Playing around with the mbuf structure, trying to reduce the use of the
second cache line in some common scenarios.

v6:
* Update the rte_kni_mbuf to match the rte_mbuf modifications.
v5:
* Fix rte_pktmbuf_chain() for the case where the head is a single segment.
v4:
* Use tabs, not spaces.
* Fix copy-paste bug in linearize.
v3:
* Make 'next' depend on 'nb_segs' > 1.
* Implement new interpretation of 'nb_segs' in i40e PMD.
v2:
* Remove BUILD_BUG_ON in cnxk PMD.

Signed-off-by: Morten Brørup <mb@smartsharesystems.com>
---
 drivers/net/cnxk/cn10k_ethdev.c          |  2 ++
 drivers/net/cnxk/cn9k_ethdev.c           |  2 ++
 drivers/net/i40e/i40e_rxtx.c             |  9 ++++--
 drivers/net/i40e/i40e_rxtx_vec_altivec.c |  4 +++
 drivers/net/i40e/i40e_rxtx_vec_common.h  |  2 ++
 drivers/net/i40e/i40e_rxtx_vec_neon.c    |  4 +++
 lib/kni/rte_kni_common.h                 | 12 ++++++--
 lib/mbuf/rte_mbuf.c                      | 39 +++++++++++++-----------
 lib/mbuf/rte_mbuf.h                      | 24 ++++++++-------
 lib/mbuf/rte_mbuf_core.h                 | 38 +++++++++++------------
 10 files changed, 83 insertions(+), 53 deletions(-)

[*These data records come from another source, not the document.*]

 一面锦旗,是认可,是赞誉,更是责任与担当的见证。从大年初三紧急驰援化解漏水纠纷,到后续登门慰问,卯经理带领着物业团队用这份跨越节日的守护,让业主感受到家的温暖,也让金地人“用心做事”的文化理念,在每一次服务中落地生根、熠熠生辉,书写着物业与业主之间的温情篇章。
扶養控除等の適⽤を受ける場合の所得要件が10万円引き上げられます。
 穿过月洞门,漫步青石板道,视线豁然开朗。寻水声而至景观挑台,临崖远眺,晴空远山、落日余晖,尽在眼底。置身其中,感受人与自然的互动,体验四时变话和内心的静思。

diff --git a/drivers/net/cnxk/cn10k_ethdev.c b/drivers/net/cnxk/cn10k_ethdev.c
index 4658713591..9f6086efe6 100644
--- a/drivers/net/cnxk/cn10k_ethdev.c
+++ b/drivers/net/cnxk/cn10k_ethdev.c
@@ -72,8 +72,10 @@ nix_tx_offload_flags(struct rte_eth_dev *eth_dev)

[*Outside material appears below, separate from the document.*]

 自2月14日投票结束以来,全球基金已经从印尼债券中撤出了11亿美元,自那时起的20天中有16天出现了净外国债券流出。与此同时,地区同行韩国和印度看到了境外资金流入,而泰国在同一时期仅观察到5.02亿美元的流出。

 			 offsetof(struct rte_mbuf, buf_addr) + 24);
 	RTE_BUILD_BUG_ON(offsetof(struct rte_mbuf, pkt_len) !=
 			 offsetof(struct rte_mbuf, ol_flags) + 12);
+/*
 	RTE_BUILD_BUG_ON(offsetof(struct rte_mbuf, tx_offload) !=
 			 offsetof(struct rte_mbuf, pool) + 2 * sizeof(void *));
+*/
 
 	if (conf & RTE_ETH_TX_OFFLOAD_VLAN_INSERT ||
 	    conf & RTE_ETH_TX_OFFLOAD_QINQ_INSERT)
diff --git a/drivers/net/cnxk/cn9k_ethdev.c b/drivers/net/cnxk/cn9k_ethdev.c
index 3b702d9696..3e9161ca79 100644
--- a/drivers/net/cnxk/cn9k_ethdev.c
+++ b/drivers/net/cnxk/cn9k_ethdev.c
@@ -72,8 +72,10 @@ nix_tx_offload_flags(struct rte_eth_dev *eth_dev)

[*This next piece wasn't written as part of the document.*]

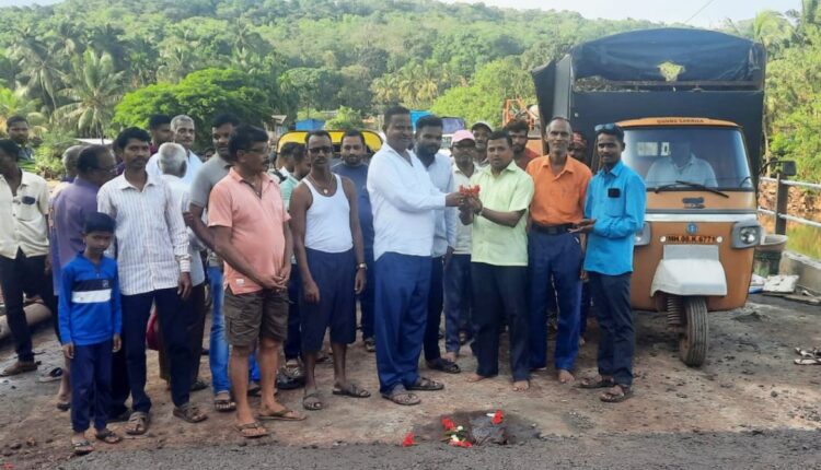 सार्वजनिक बांधकाम विभागाने त्याची दखल घेत ५ कोटी रूपयांच्या निधीतून या पुलाच्या उभारणीचे काम हाती घेतले होते. या कामाचा ठेका एस. एम. चिपळूणकर या कंपनीला देण्यात आला होता. या कामाचे भूमिपूजन भास्करशेठ जाधव यांच्या हस्ते झाले होते.पावसाळा तोंडावर असल्याने ठेकेदार सुरेश चिपळूणकर यांच्यासमोर पूल उभारण्याचे मोठे आव्हान होते. पूल खाडी पात्रात असल्यामुळे भरती-ओहटीमुळे कामात अडचणी येत होत्या. मात्र या ठिकाणी आवश्यक साहित्य, मनुष्यबळ, मशनरी तैनात करीत अल्पावधीतच हा देखणा व दर्जेदार पूल उभा केला. या पुलामुळे पावसाळ्यात निर्माण होणारी ग्रामस्थांची अडचण आता टळली आहे.उपसरपंच पंकज बिर्जे यांनी पुलाचे पूजन करुन पहिली गाडी सोडली. यामुळे ग्रामस्थांनी ठेकेदार सुरेश चिपळूणकर यांचा सन्मान करीत गावामार्फत आभार व्यक्त केले.

 			 offsetof(struct rte_mbuf, buf_addr) + 24);
 	RTE_BUILD_BUG_ON(offsetof(struct rte_mbuf, pkt_len) !=
 			 offsetof(struct rte_mbuf, ol_flags) + 12);
+/*
 	RTE_BUILD_BUG_ON(offsetof(struct rte_mbuf, tx_offload) !=
 			 offsetof(struct rte_mbuf, pool) + 2 * sizeof(void *));
+*/
 
 	if (conf & RTE_ETH_TX_OFFLOAD_VLAN_INSERT ||
 	    conf & RTE_ETH_TX_OFFLOAD_QINQ_INSERT)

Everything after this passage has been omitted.